What this task involves :: Below are records with pictures in them. Transcribe everything from the line containing "Kit Un. 6 Placa" down to the line containing "影片英文名Beasts Clawing at", exactly, and leave the pictures behind.
[[ Source material open ]]
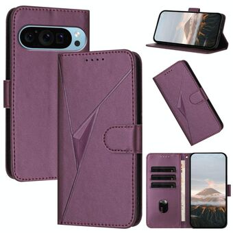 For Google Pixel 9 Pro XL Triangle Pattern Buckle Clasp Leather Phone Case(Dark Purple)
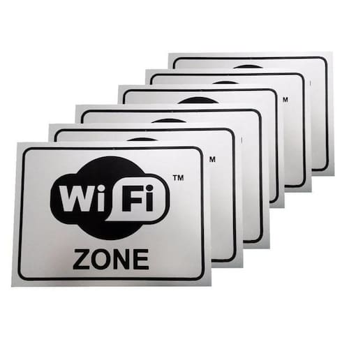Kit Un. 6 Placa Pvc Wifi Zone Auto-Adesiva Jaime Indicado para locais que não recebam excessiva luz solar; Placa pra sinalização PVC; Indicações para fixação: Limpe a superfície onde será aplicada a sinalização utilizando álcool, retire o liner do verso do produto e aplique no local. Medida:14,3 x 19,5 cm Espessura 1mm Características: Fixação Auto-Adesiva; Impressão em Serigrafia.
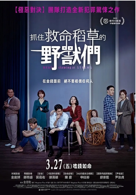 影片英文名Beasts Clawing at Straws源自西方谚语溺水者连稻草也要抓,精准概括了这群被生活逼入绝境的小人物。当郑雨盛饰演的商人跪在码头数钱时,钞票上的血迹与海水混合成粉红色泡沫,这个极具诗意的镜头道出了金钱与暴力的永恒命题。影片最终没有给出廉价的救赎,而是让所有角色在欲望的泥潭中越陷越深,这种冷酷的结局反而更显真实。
[[ Source material closed ]]
[[ Source material open ]]
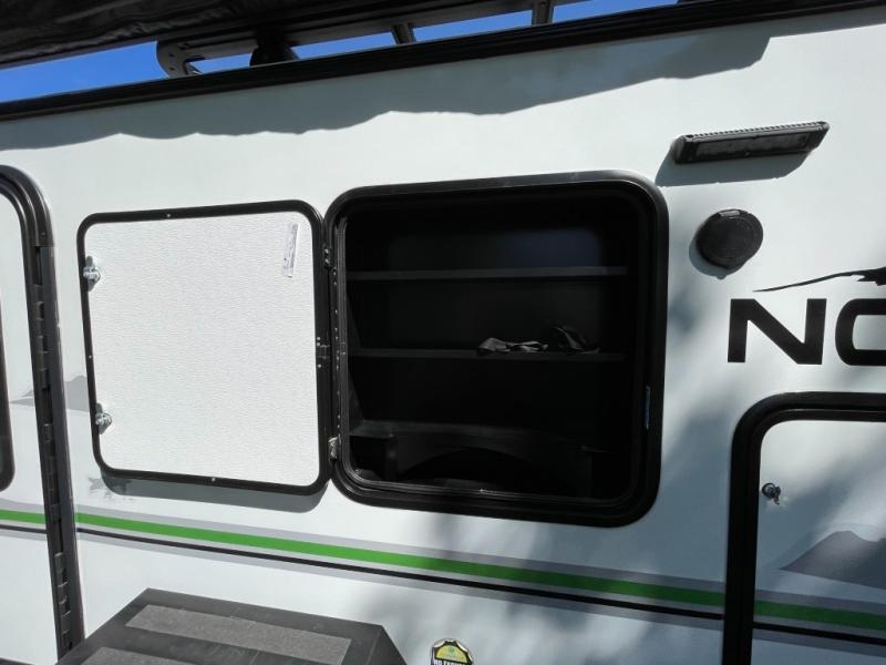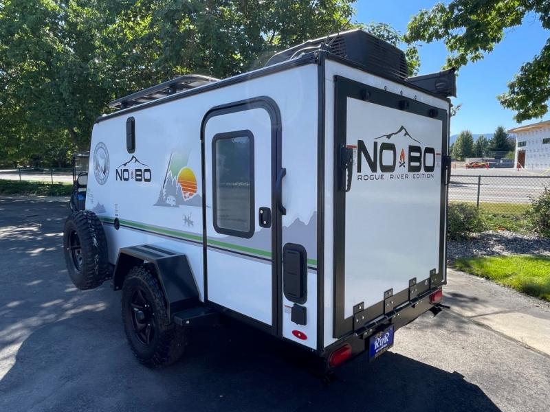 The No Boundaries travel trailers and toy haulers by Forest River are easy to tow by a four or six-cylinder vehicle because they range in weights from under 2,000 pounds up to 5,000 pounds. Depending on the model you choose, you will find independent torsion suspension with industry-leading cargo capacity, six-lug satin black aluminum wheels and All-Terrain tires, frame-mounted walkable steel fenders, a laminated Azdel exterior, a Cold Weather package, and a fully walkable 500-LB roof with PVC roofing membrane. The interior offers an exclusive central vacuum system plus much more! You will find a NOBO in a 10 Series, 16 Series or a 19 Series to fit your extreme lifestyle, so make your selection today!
[[ Source material closed ]]
[[ Source material open ]]
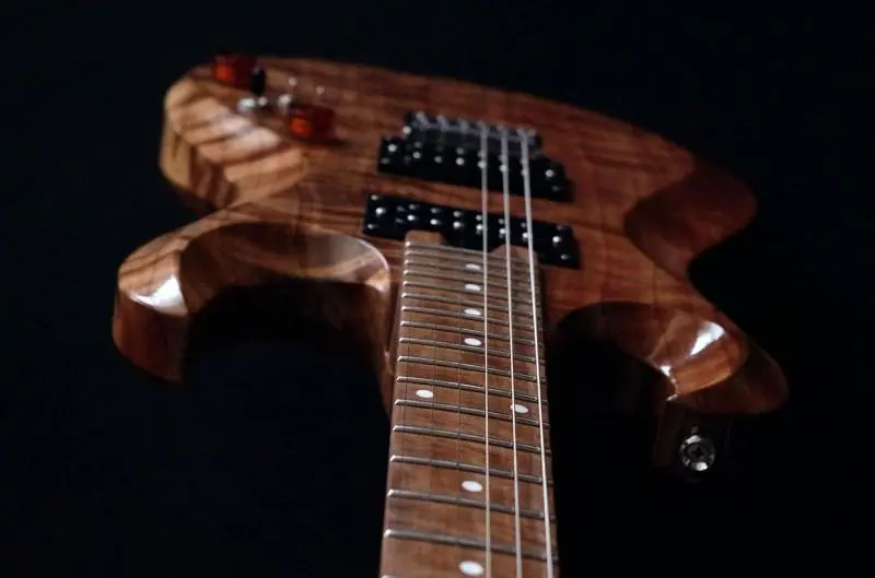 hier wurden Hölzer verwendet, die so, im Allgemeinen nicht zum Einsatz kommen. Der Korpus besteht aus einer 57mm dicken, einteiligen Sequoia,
[[ Source material closed ]]
Reply to the exercise ::
Kit Un. 6 Placa Pvc Wifi Zone Auto-Adesiva Jaime Indicado para locais que não recebam excessiva luz solar; Placa pra sinalização PVC; Indicações para fixação: Limpe a superfície onde será aplicada a sinalização utilizando álcool, retire o liner do verso do produto e aplique no local. Medida:14,3 x 19,5 cm Espessura 1mm Características: Fixação Auto-Adesiva; Impressão em Serigrafia.
 影片英文名Beasts Clawing at Straws源自西方谚语溺水者连稻草也要抓,精准概括了这群被生活逼入绝境的小人物。当郑雨盛饰演的商人跪在码头数钱时,钞票上的血迹与海水混合成粉红色泡沫,这个极具诗意的镜头道出了金钱与暴力的永恒命题。影片最终没有给出廉价的救赎,而是让所有角色在欲望的泥潭中越陷越深,这种冷酷的结局反而更显真实。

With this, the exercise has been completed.